Rationale: The functions of “interest” in applying the constitutional fee cap for home equity loans and in prohibiting usury are inversely related. If the word is given the same meaning in both contexts, then including lender-charged fees in “interest” strengthens usury laws and weakens the fee cap, though both are designed to protect consumers. That this was the intent of the framers and ratifiers of Section 50(a)(6)(E) is simply implausible.

Note. The Court’s conclusion raises an issue with discount points and pre-paid interest. Lenders should review their practices. In this context, Footnote 104 provides: “This narrower definition of interest does not limit the amount a lender can charge for a loan; it limits only what part of the total charge can be paid in front-end fees rather than interest paid over time. In so doing, it incentivizes lenders to determine borrowers’ creditworthiness more carefully and helps borrowers better assess the costs of credit.”

2. Closing Location/Power of Attorney - Section 50(a)(6)(N) provides that a loan may be “closed only at the office of the lender, an attorney at law, or a title company.” The Commissions interpreted this provision to allow a borrower to mail a lender the required consent to having a lien placed on his homestead and to attend closing through his attorney-in-fact.

Held: A loan may be closed only at the office of the lender, an attorney at law, or a title company. “We conclude that the Commissions’ interpretations of Section 50(a)(6)(N) contradict the purpose and text of the provision and are therefore invalid.”

Rationale: Closing a loan is a process. It would clearly be unreasonable to interpret Section 50(a)(6)(N) to allow all the loan papers to be signed at the borrower’s house and then taken to the lender’s office, where funding was finally authorized. Closing is not merely the final action, and in this context, to afford the intended protection, it must include the initial action. Executing the required consent or a power of attorney are part of the closing process and must occur only at one of the locations allowed by the constitutional provision.

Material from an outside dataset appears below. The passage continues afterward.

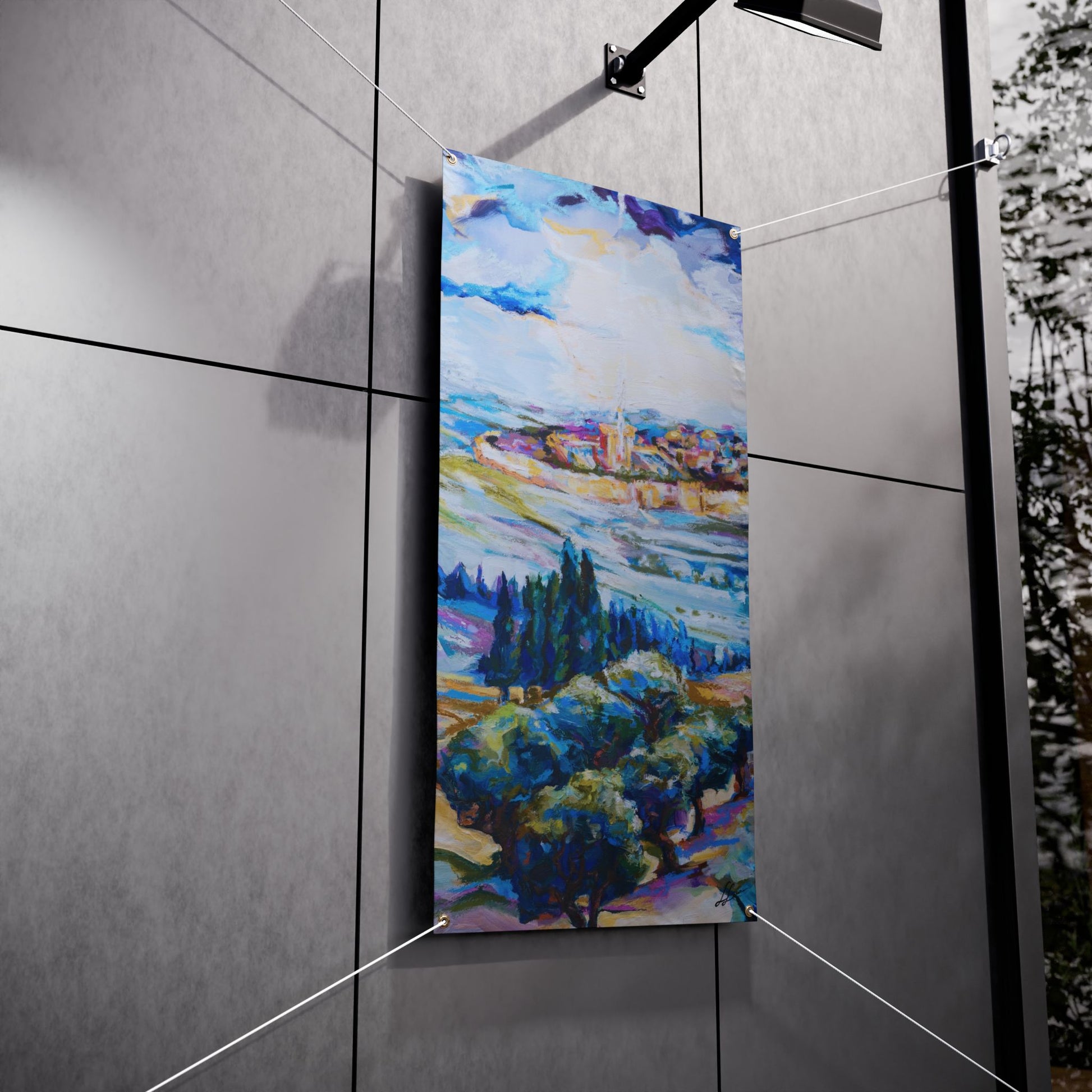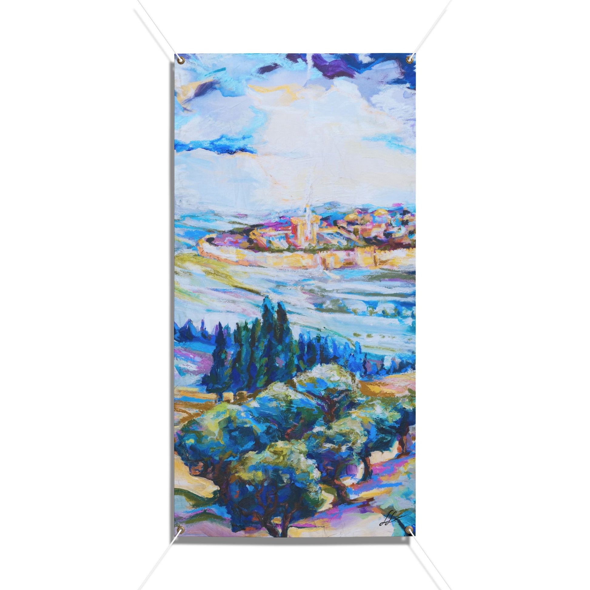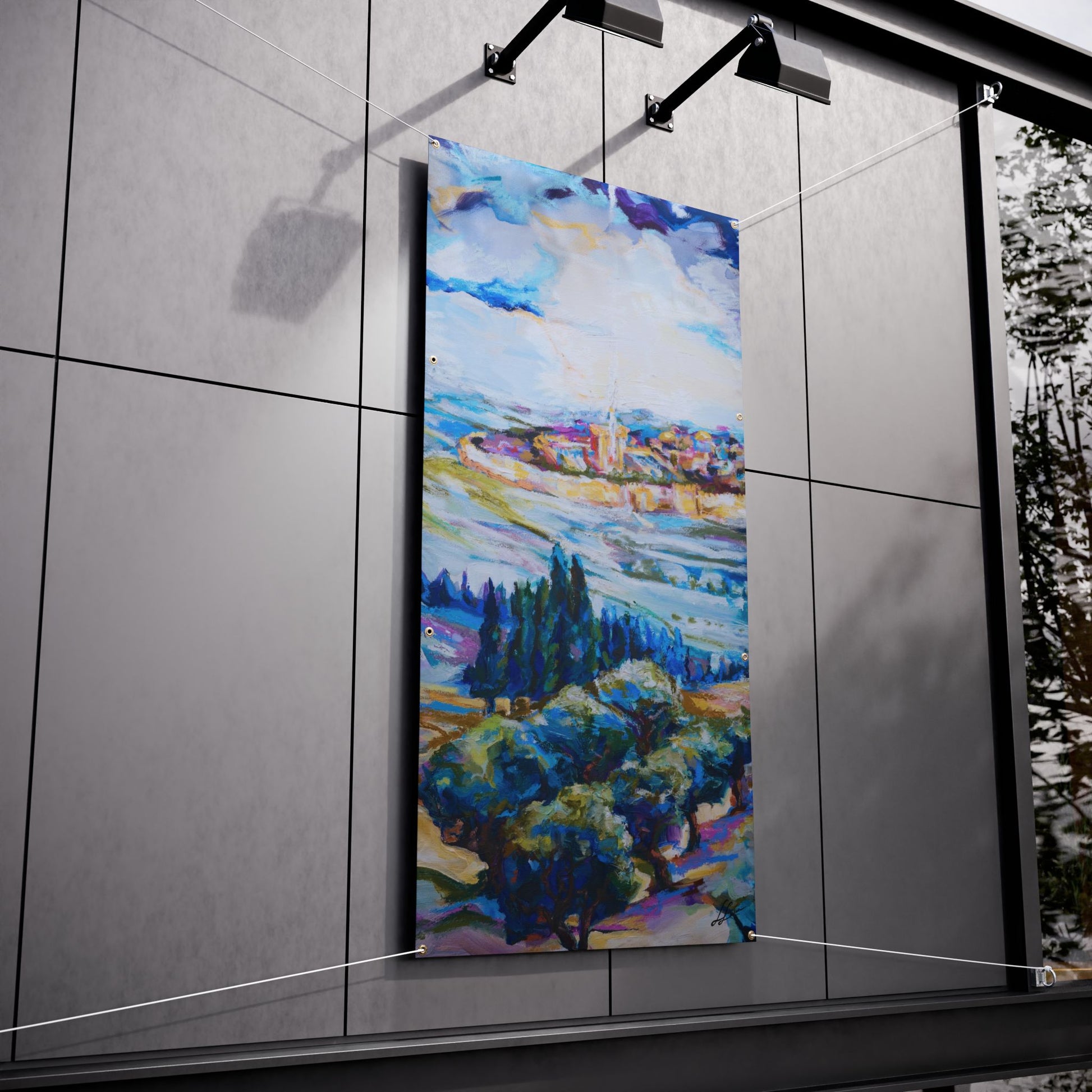 The Temple is portrayed with a sense of longing for a geula that's so close to our reach, helping us visualize and maintain the enduring hope and faith in its reconstruction in our days. The painting exudes a mystical aura, inviting viewers to meditate on the idea of visualization as a powerful tool to manifest the long-awaited Redemption. It speaks to the collective longing and spiritual yearning of the Jewish people for the rebuilding of the temple. Material: Titan™ 10 oz. scrim vinyl

3. Notice/Presumption - Section 50(g) requires that a loan not be closed before the 12th day after the lender “provides” the borrower the prescribed notice. Did the Commissions correctly interpret Section 50(g) to permit a rebuttable presumption that notice is received, and therefore provided, three days after it is mailed?

Held: Yes, the interpretation is a reasonable procedure for establishing compliance with Section 50(g).

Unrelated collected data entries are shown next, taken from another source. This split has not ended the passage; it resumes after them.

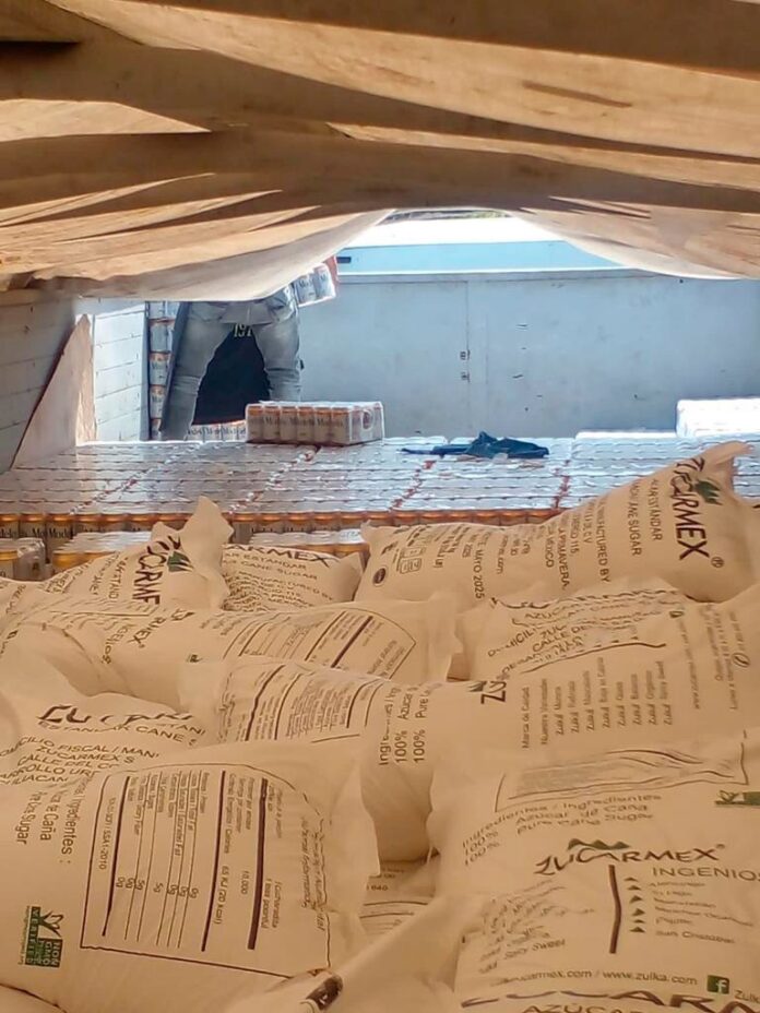 Al efectuar la inspección de la caja del tráiler, los Agentes observaron que, escondido detrás de bultos de azúcar, se encontraba un cargamento de charolas de cerveza, presuntamente clonadas, según las primeras indagatorias realizadas por esta institución.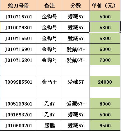 低售蛇钞刀货一些,金钩、金马、朦胧。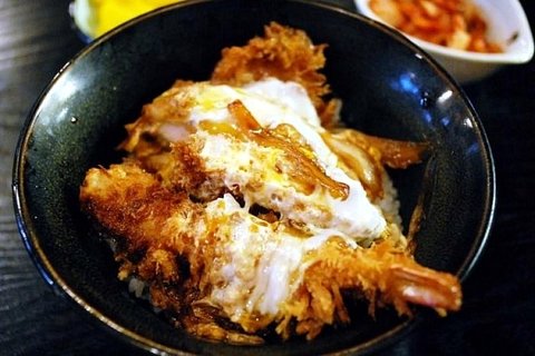 요거는 새우튀김이랑 돈까스가 같이 올라간 믹스 가츠동이에요!!!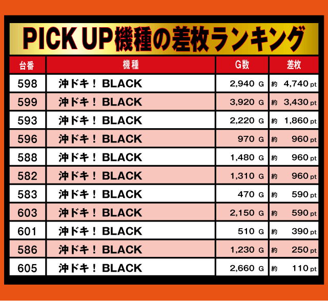 『沖ドキ!BLACK』からは優秀台が誕生。+4,000pt超のほか+3,000pt超もあらわれ、終日活気に満ちあふれていた。

Rationale: In giving meaning to “provides”, the Commissions have determined there is a rebuttable presumption that notice is received three days after it is mailed. The Homeowners insist that a lender must establish actual receipt of notice in each case.

But the Commissions’ interpretation does not impair the constitutional requirement; it merely relieves a lender of proving receipt unless receipt is challenged. We agree with the court of appeals that the interpretation is but a reasonable procedure for establishing compliance with Section 50(g).

The most important aspect of this opinion is that it makes all discount points and pre-paid interest for Texas home equity loans subject to the 3% cap.

All points and closing charges must be less than 3%.

The cap limits fees that are required.

An argument still exists that if discount points are optional and paid at the election of the borrower (i.e. the borrower could have obtained the loan at a higher rate without paying points), the points are not required and fall outside the cap.

However, there will be a fact issue in each case.

The opinion should only apply to new loans originated after the mandate is issued.

DISCLAIMER: Because of the generality of this update, the information provided herein may not be applicable in all situations and should not be acted upon without specific legal advice based on particular situations.